Only one span of the material below is wanted. Output it exactly, from the line with "图5示出了当使用不同数量的包" through the line with "课堂现场,董艳华老师通过引入", without any pictures.
═══ Information shown
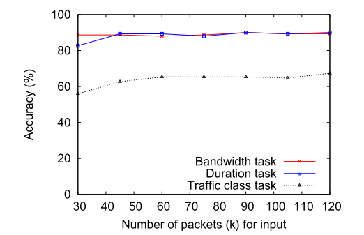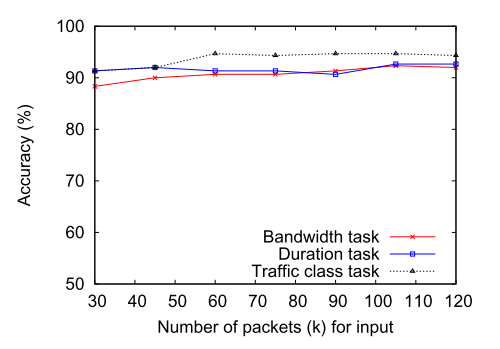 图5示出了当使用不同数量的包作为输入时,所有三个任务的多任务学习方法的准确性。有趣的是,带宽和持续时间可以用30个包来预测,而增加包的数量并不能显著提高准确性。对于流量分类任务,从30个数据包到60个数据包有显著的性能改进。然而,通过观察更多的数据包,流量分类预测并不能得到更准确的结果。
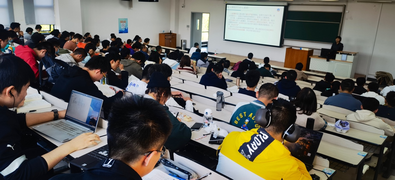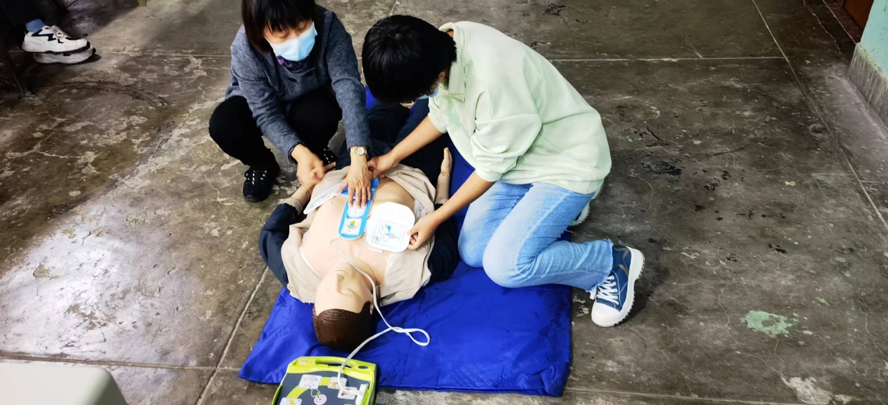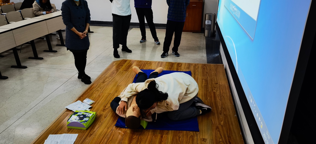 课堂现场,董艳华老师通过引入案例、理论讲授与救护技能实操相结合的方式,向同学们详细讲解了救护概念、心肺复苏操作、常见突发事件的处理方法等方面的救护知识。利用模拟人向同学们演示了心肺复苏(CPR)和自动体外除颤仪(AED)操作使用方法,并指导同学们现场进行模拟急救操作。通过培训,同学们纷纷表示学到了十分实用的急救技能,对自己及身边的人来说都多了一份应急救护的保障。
══════
═══ Information shown
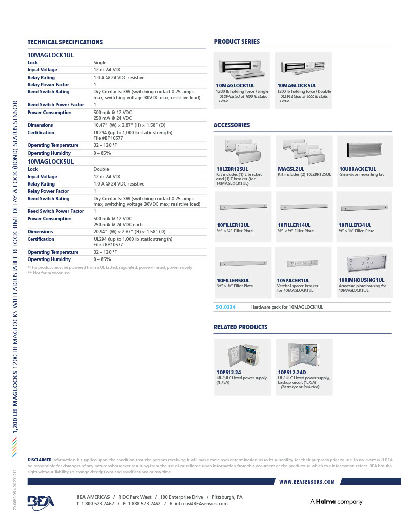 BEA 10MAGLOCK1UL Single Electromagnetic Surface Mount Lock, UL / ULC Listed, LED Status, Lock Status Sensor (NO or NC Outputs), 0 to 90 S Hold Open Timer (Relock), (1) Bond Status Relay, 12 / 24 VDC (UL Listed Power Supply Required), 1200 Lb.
══════
═══ Information shown
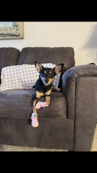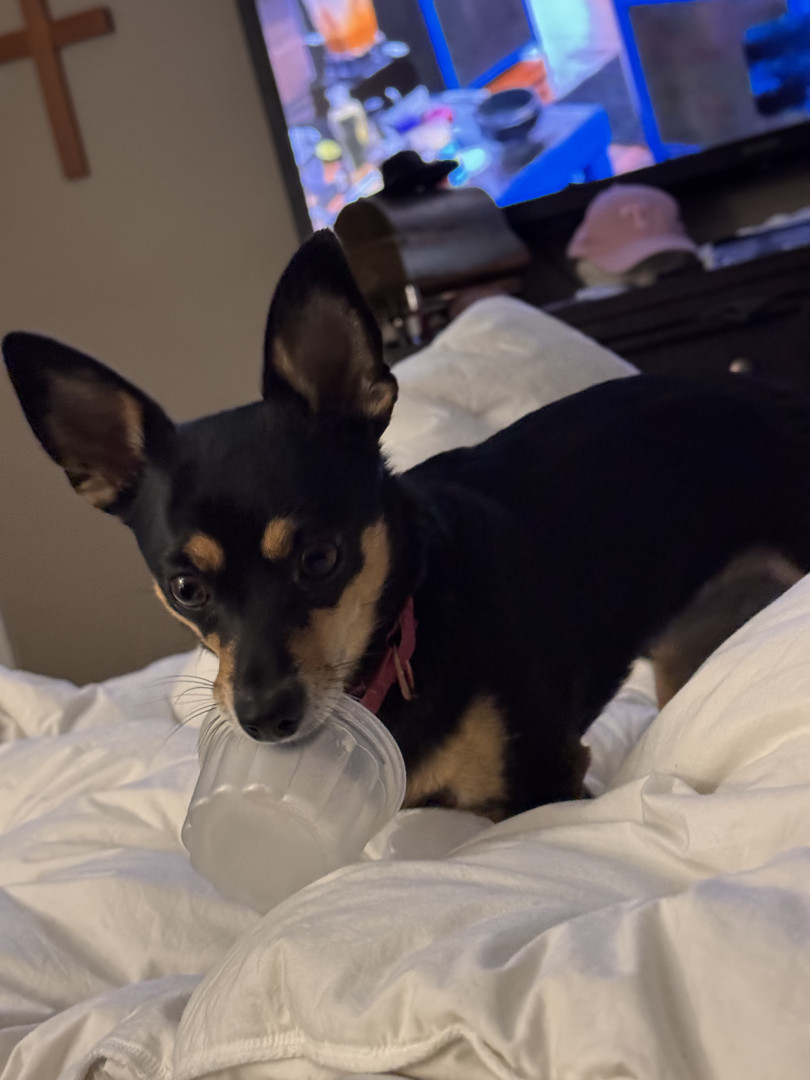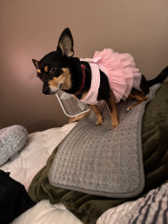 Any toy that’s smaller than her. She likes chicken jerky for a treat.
══════
Exercise answer:
 图5示出了当使用不同数量的包作为输入时,所有三个任务的多任务学习方法的准确性。有趣的是,带宽和持续时间可以用30个包来预测,而增加包的数量并不能显著提高准确性。对于流量分类任务,从30个数据包到60个数据包有显著的性能改进。然而,通过观察更多的数据包,流量分类预测并不能得到更准确的结果。
 课堂现场,董艳华老师通过引入案例、理论讲授与救护技能实操相结合的方式,向同学们详细讲解了救护概念、心肺复苏操作、常见突发事件的处理方法等方面的救护知识。利用模拟人向同学们演示了心肺复苏(CPR)和自动体外除颤仪(AED)操作使用方法,并指导同学们现场进行模拟急救操作。通过培训,同学们纷纷表示学到了十分实用的急救技能,对自己及身边的人来说都多了一份应急救护的保障。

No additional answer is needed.